ABOUT THIS TASK
Return exactly the run of lines that begins at the line containing "Lundi 18 novembre, M.Verpeaux, apiculteur" and ends at the last line of the material below; pictures stay out.

INFORMATION SUPPLIED
--- START ---

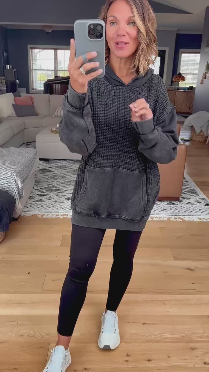 Grab this cozy hoodie for your new fall favorite pullover! This is a textured material, fits true to size and has a kangaroo pocket. We love the length on this, making it great to pair with leggings or biker shorts!
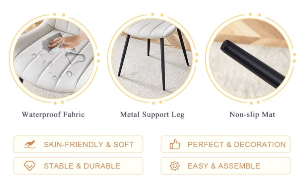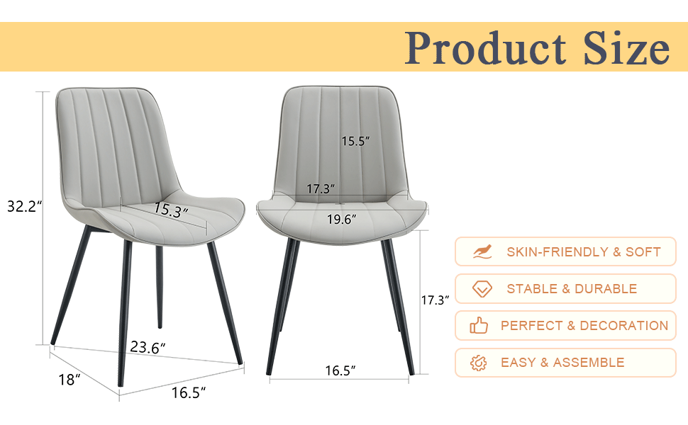 This dining chair is a top choice for those who seek quality living. It outlines the beauty of minimalism with elegant lines. The back of the chair is made of high quality PU material. The interior is filled with high-density sponge. It ensures comfort and durability for long time use. No matter what kind of decoration style your home is, this versatile dining chair can be easily integrated into it and become a bright landscape at home.
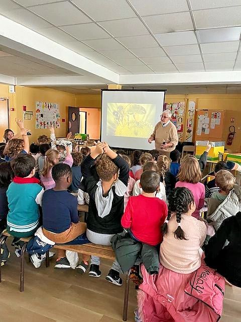 Lundi 18 novembre, M.Verpeaux, apiculteur de la Côte d'Or et qui vient depuis de nombreuses années, a présenté aux élèves des 4 classes de CPB, CP/CE2, CE1 et CE1/CM1 ses ruches, ses abeilles, ses vêtements et son matériel d'apiculteur. Il a parlé avec passion de son métier et de ses abeilles !
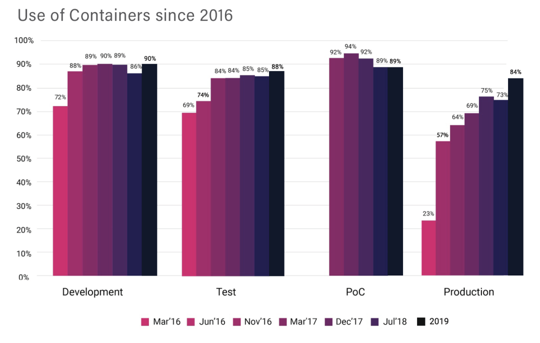 来源:CNCF SURVEY 2019: DEPLOYMENTS ARE GETTING LARGER AS CLOUD NATIVE ADOPTION BECOMES MAINSTREAM

--- END ---

ANSWER SECTION
 Lundi 18 novembre, M.Verpeaux, apiculteur de la Côte d'Or et qui vient depuis de nombreuses années, a présenté aux élèves des 4 classes de CPB, CP/CE2, CE1 et CE1/CM1 ses ruches, ses abeilles, ses vêtements et son matériel d'apiculteur. Il a parlé avec passion de son métier et de ses abeilles !
 来源:CNCF SURVEY 2019: DEPLOYMENTS ARE GETTING LARGER AS CLOUD NATIVE ADOPTION BECOMES MAINSTREAM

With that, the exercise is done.